Phil. 2.5-11. "Morphe" (Phil. 2.6) here speaks of Christ's preexistence and the form in which he appeared to the inhabitants of heaven, i.e., He has God's attributes. "Morphe" here mean that expression of being that is identified with the essential nature and character of God, and which reveals it. He existed eternally in the very nature (form) of God. He didn't enter into this state, but existed eternally as deity, equal with God the Father.

Rom. 8.34. It's true that he sits at God's right hand and pleads with God on our behalf. The doctrine of the Trinity holds that there are 3 persons of the Trinity who are one in their divine essence but distinct in their divine activity.
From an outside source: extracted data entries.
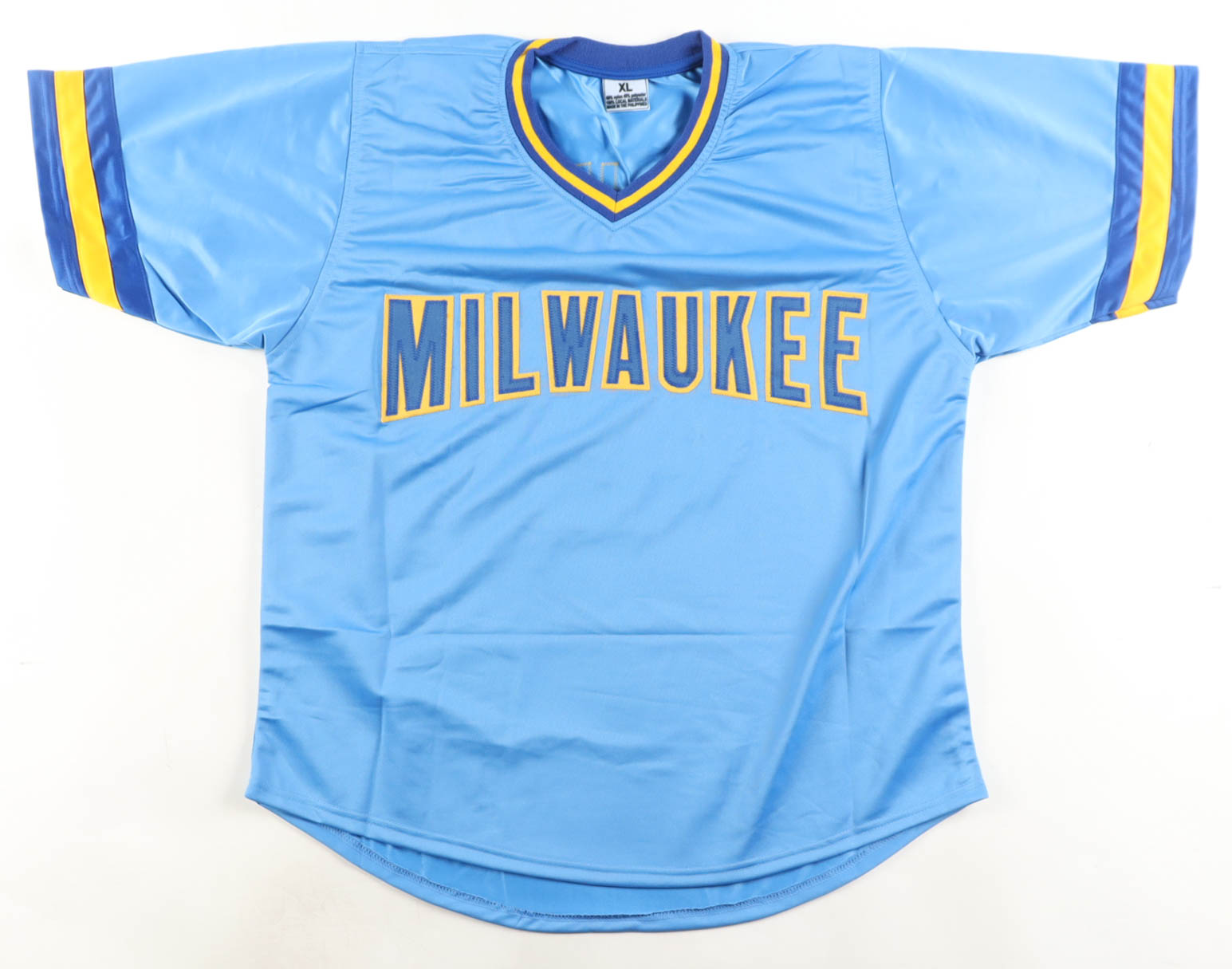 Custom jersey with everything sewn on, size XL. Hand-signed by Paul Molitor (HOF). Please note, there is a stain to the right of the reverse number.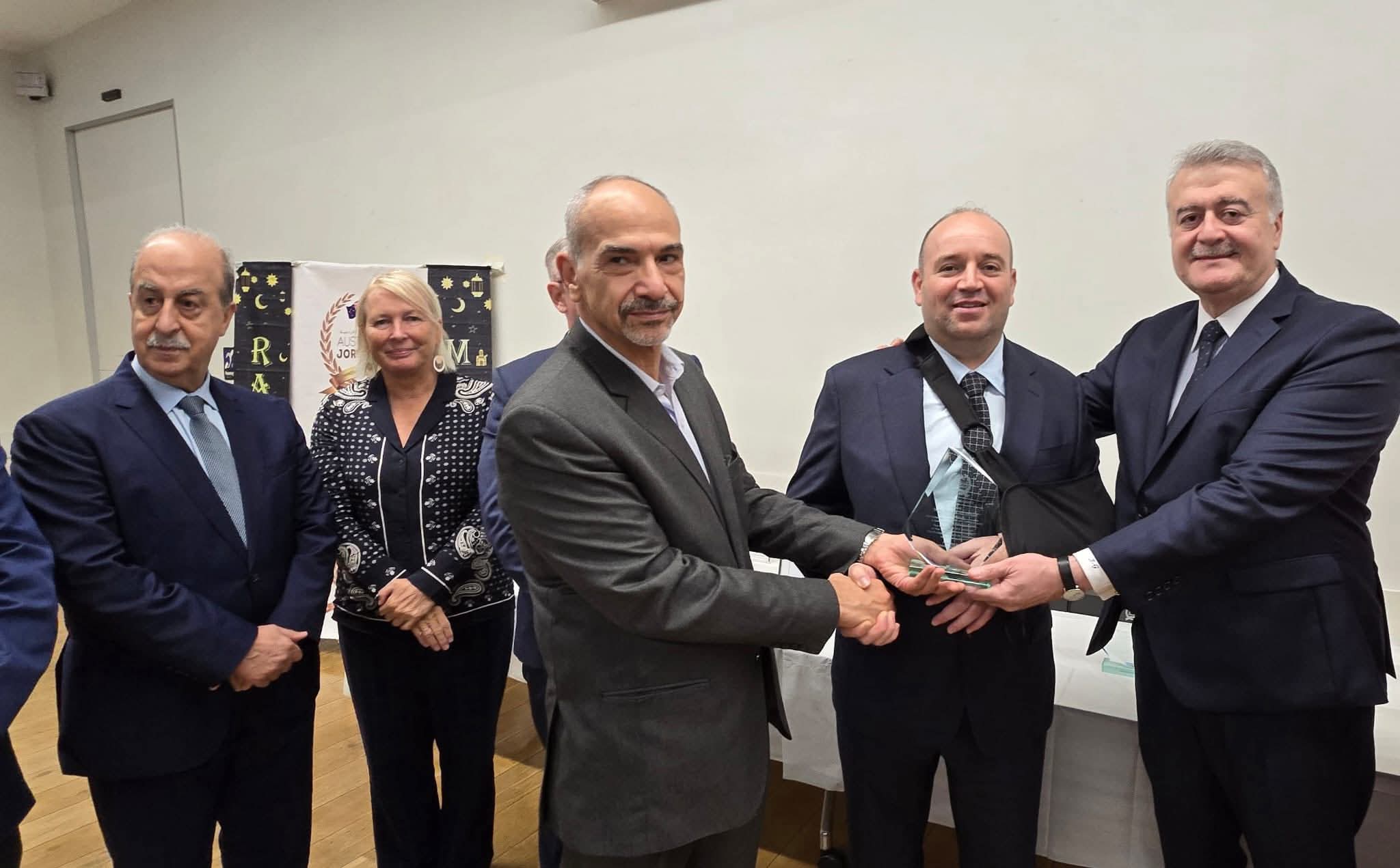 وجاء التكريم خلال الحفل السنوي التاسع لتكريم الخريجين الأردنيين، والذي تزامن مع حفل الإفطار السنوي للجمعية الأسترالية الأردنية، وذلك بحضور ورعاية سعادة سفير المملكة الأردنية الهاشمية لدى أستراليا جانتي قلاجوقة.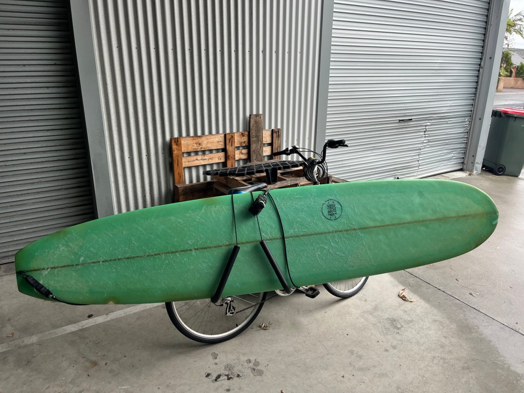 I then set off home on my bike which is when I started running into issues… the bike holder started shifting a bunch and the prongs holding the surfboard were moving causing the board to wobble a lot. So I had to hold the board while I biked to make sure it didn’t hit my back wheel or the ground… also with the wind picking up, it made the ride a bit sketchy.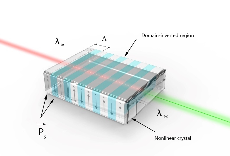 PPKTP其中的PP意思是周期性極化,具體來說是通過施加高壓電場使帶電磁性的晶體特定區(qū)域內(nèi)的極性產(chǎn)生永久性的翻轉(zhuǎn),當(dāng)通過一定的工藝實現(xiàn)了穩(wěn)定性的周期翻轉(zhuǎn)后,就在晶體內(nèi)引入了非線性極化率的周期性的階躍變化,從而可以實現(xiàn)準(zhǔn)相位匹配(QPM : Quasi Phase Matching)。根據(jù)準(zhǔn)相位匹配理論,通過對晶體的非線性極化率的周期性調(diào)制來補償非線性頻率變換過程中因色散引起的基波和諧波之間的波矢失配,可以獲得非線性光學(xué)效應(yīng)的有效增強(qiáng)。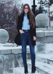 - High waist. Another name for these models is mom-jeans.Such jeans are presented in classic colors: blue, black and blue. High waist jeans can also have prints. They can be narrowed to the bottom, with scuffs or tears. Such models are best worn with thin blouses or t-shirts tucked into jeans.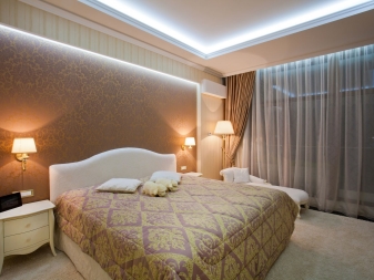 - إذا تم دمج غرفة الاستراحة الخاصة بك مع غرفة المعيشة ، فيمكنك إنشاء إضاءة عامة.. سيطلق على هذا الخيار اسم أوروبي. يمكنك أيضًا إنشاء نوع أمريكي من الإضاءة ، عندما تكون الشمعدانات هي المصدر الرئيسي للضوء. عند تشغيل الأجهزة ، ستتمكن من إضاءة منطقة معينة من الغرفة.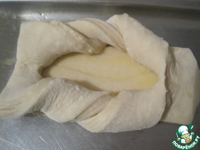 На противень кладем кусочек теста (я положила раскатанный обрезок слоеного теста с краев)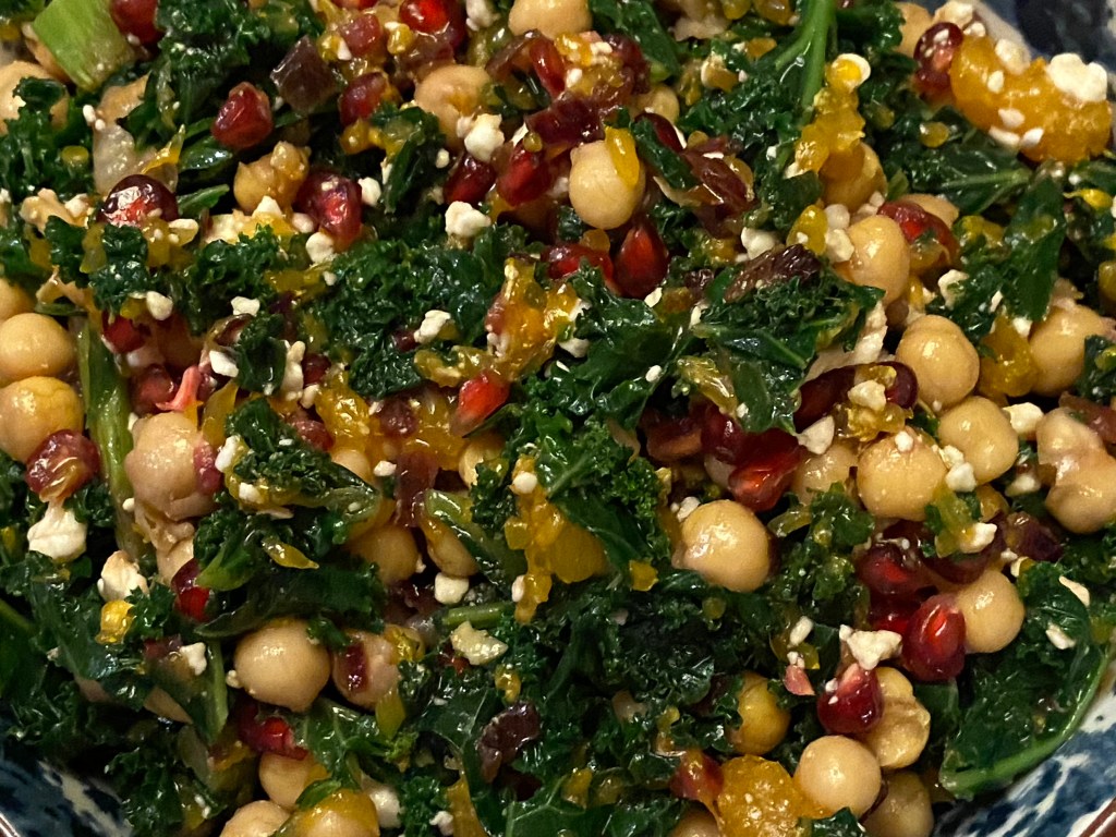 - Toss the chickpeas, mandarin segments, pomegranate, feta cheese into the kale, add dressing and mix well then serve. Enjoy!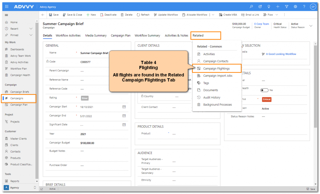These flights can be found on the Related> Campaign Flightings tab for your Advvy Campaign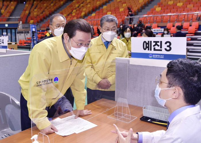 [광주=프레스뉴스] 강래성 기자=이용섭 광주광역시장은 19일 오전 서구 염주종합체육관에 마련된 코로나19 서구예방접종센터를 찾아 이날 진행된 코로나19 지역예방접종센터 모의훈련 과정을 살펴보고 관계자들을 격려했다.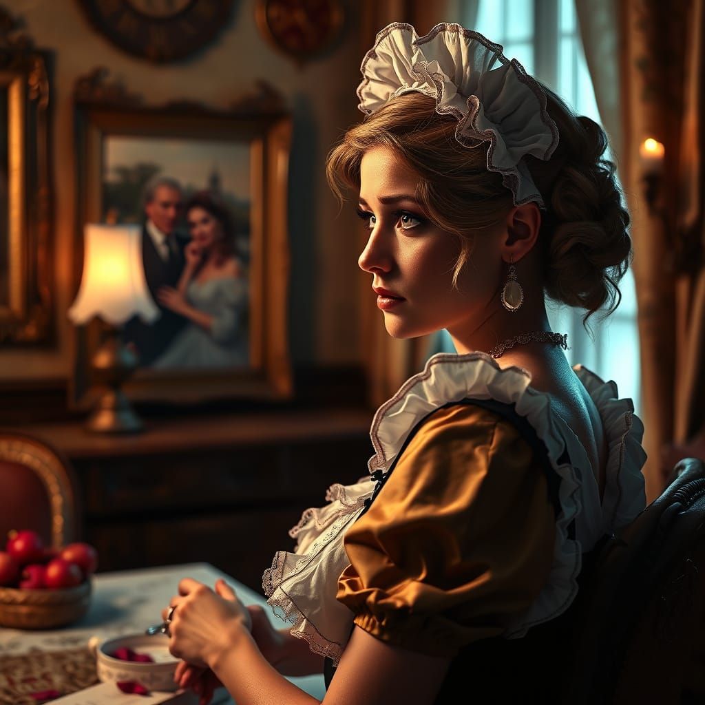 This heartwarming image captures a Sissymaid lost in thought, gazing at a nostalgic photo of her past life as a husband, now her Mistress, in a tender and intimate moment, reminiscent of hyperrealistic comic book art.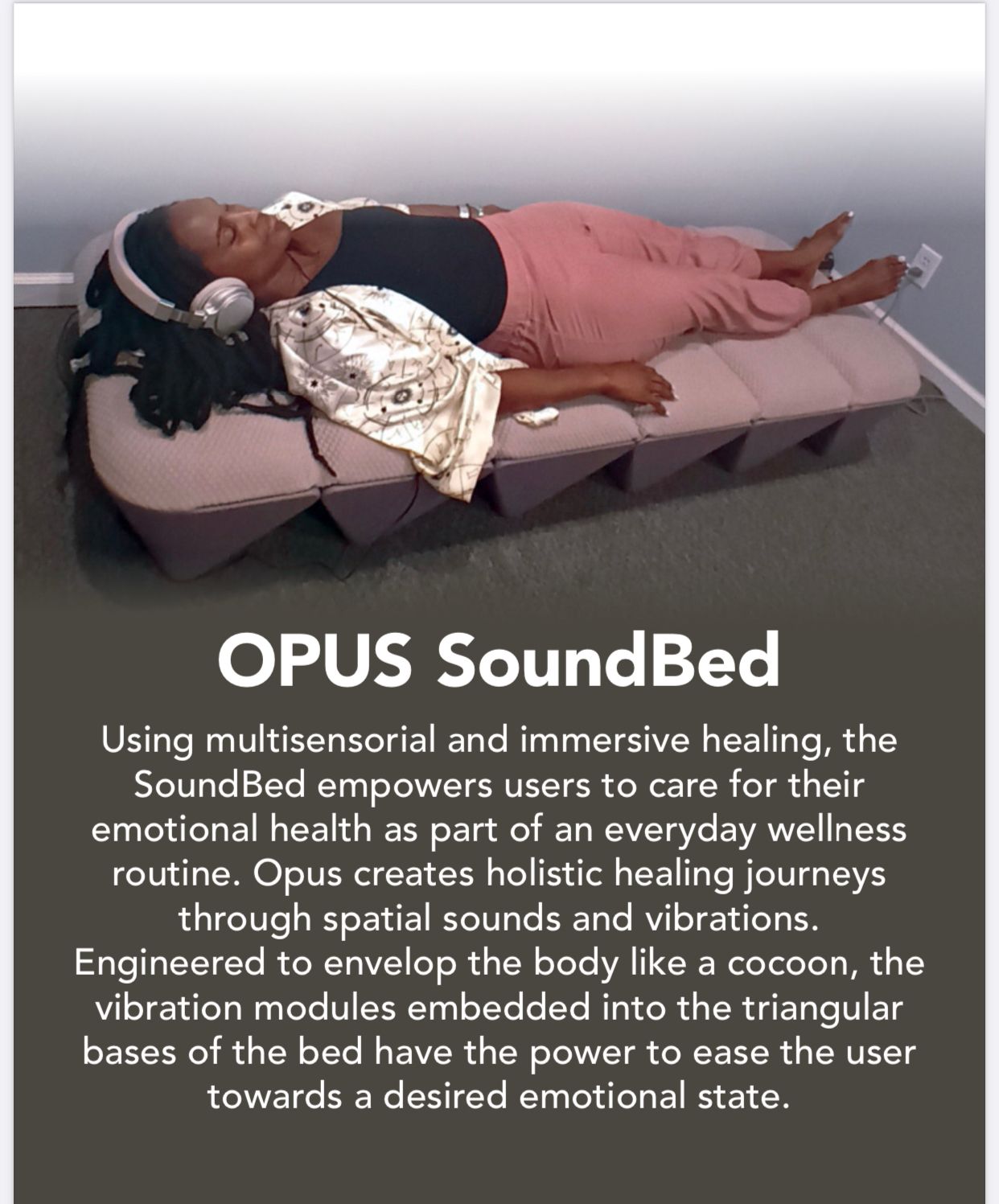 Using multisensorial and immersive healing, the Opus SoundBed empowers users to care for their emotional health as part of an everyday wellness routine. Opus creates holistic healing journeys through spatial sounds and vibrations-combined with proven healing techniques and practices-that are curated to shift your mental and emotional state in as little as 7 minutes. Engineered to envelop the body like a cocoon, the vibration modules embedded into the triangular bases of the bed have the power to ease the user towards a desired emotional state. The SoundBed is programmed to produce immersive, vibrating sensations that address the entire body from head to toe or be set to target specific areas. Sessions vary in length, programs are between 7 and 76 minutes long.
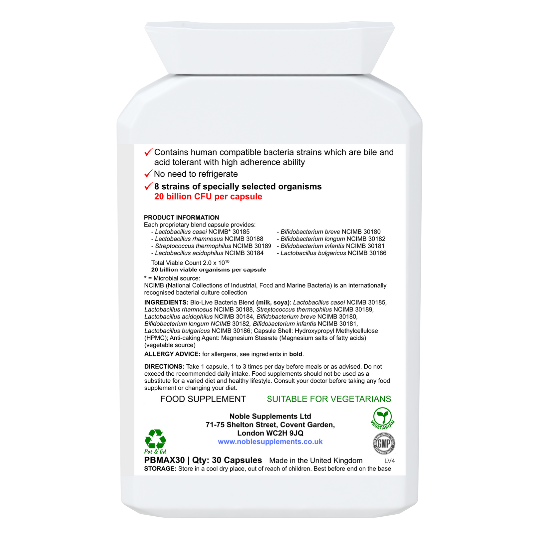 INGREDIENTS: Bio-Live Bacteria Blend (milk, soya): Lactobacillus casei NCIMB 30185, Lactobacillus rhamnosus NCIMB 30188, Streptococcus thermophilus NCIMB 30189, Lactobacillus acidophilus NCIMB 30184, Bifidobacterium breve NCIMB 30180, Bifidobacterium longum NCIMB 30182, Bifidobacterium infantis NCIMB 30181, Lactobacillus bulgaricus NCIMB 30186; Capsule Shell: Hydroxypropyl Methylcellulose (HPMC) (Vegetarian); Anti-caking Agent: Magnesium Stearate.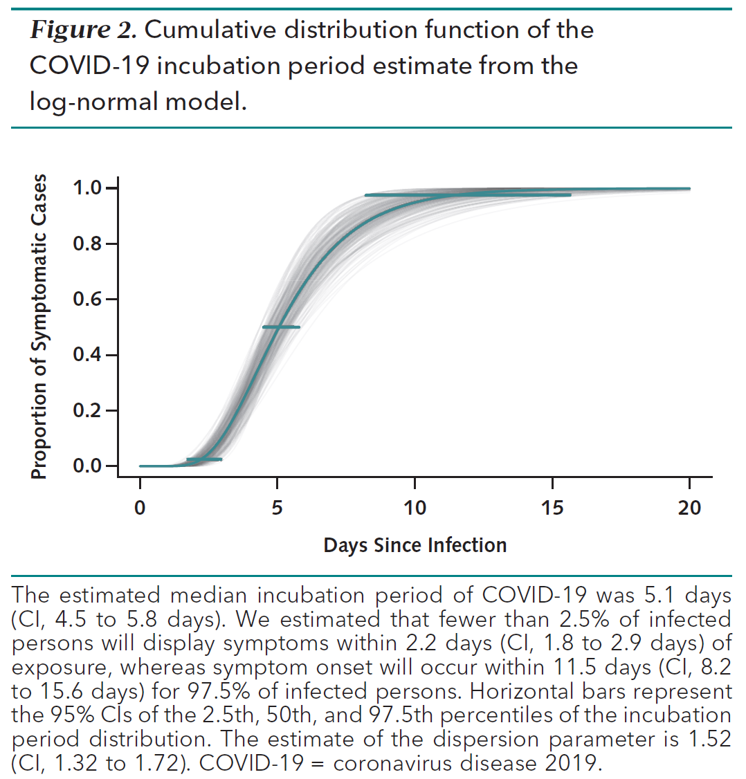 曝露がはっきりしている181例において、潜伏期間の中央値は5.1日(95%信頼区間2.2―11.5日)。(図)
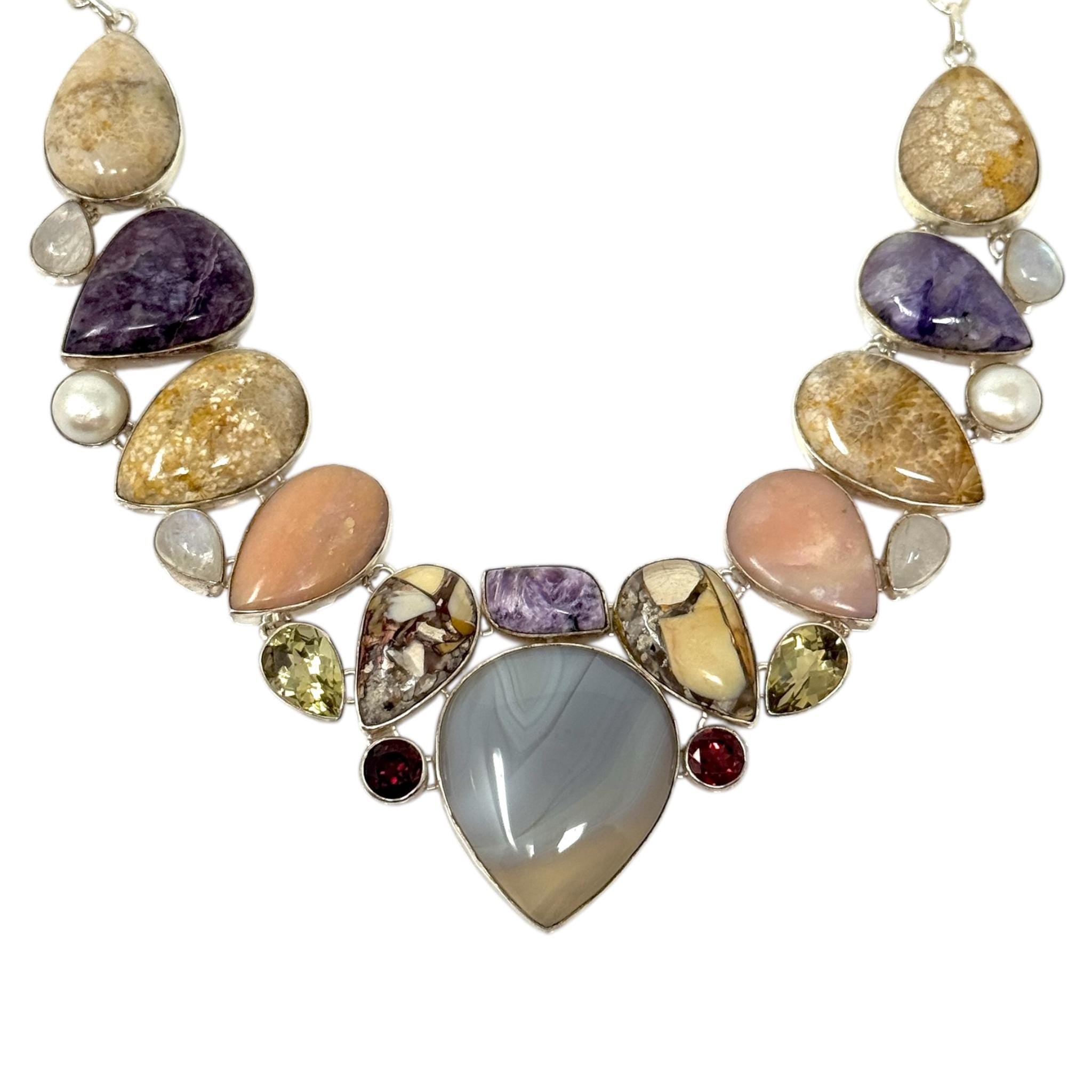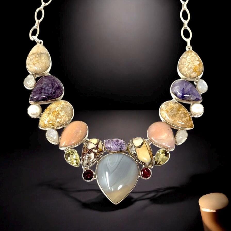 • Handcrafted with a mesmerizing blend of Charoite, Agate, Garnet, Pink Opal, Fresh Water Pearl, and Peridot

1 Cor. 15.24-28. It doesn't say he will hand his authority back to God, but only that in the end times his role as mediator will come to complete, and he will rule only as God. You'll notice and He and the Father share sovereignty and dominion (15.27). In v. 28 we read that he is subject to the Father as well as equal to the Father, showing that his submission to the Father was based on equality and shared authority.

>Even in Colossians he is the image of God, not God himself

We've already addressed the meaning of "eikon," and it doesn't mean that Jesus is not God Himself. Verse 19 is clear that Christ shares full deity.

> firstborn of all creation

This doesn't mean he is the first created thing, or even created at all, but that he preceded creation (he was eternally existent). As "image" points to "revelation," so "firstborn" points to "eternal preexistence. Christ could not have been the first created thing, because that thought is contradicted by the very next verse (Col. 1.16).

> ‘God dwelled within him’, in the same sense as was imagined for Jewish prophets, priests and kings (Col. 1.15-19).

Not in the same sense at all. There is nothing in Col. 1.15-19 that leads us to your conclusion.


Rom. 1.4. This "appointment" didn't make Him the Son of God, but "declared" Him to be what He eternally was already: The Son of God, the 2nd person of the Trinity. A.T. Robertson says, "He was the Son of God in his pre-incarnate states (2 Cor. 8.9; Phil. 2.6) and still so after his incarnation (Rom. 1.3), but it was the resurrection of the dead that definitely marked Jesus off as God's Son because of his claims about himself as God's Son and his prophecy that he would rise on the third day. This event (1 Cor. 15) gave God's seal 'with power.' The resurrection of Christ is the miracle of miracles. 'The resurrection only declared him to be what he truly was' (Denny)."

So, my conclusion is that you have mistaken and misinterpreted every single text and have drawn the wrong conclusion from your misunderstandings. Paul believes very strongly in the Trinity.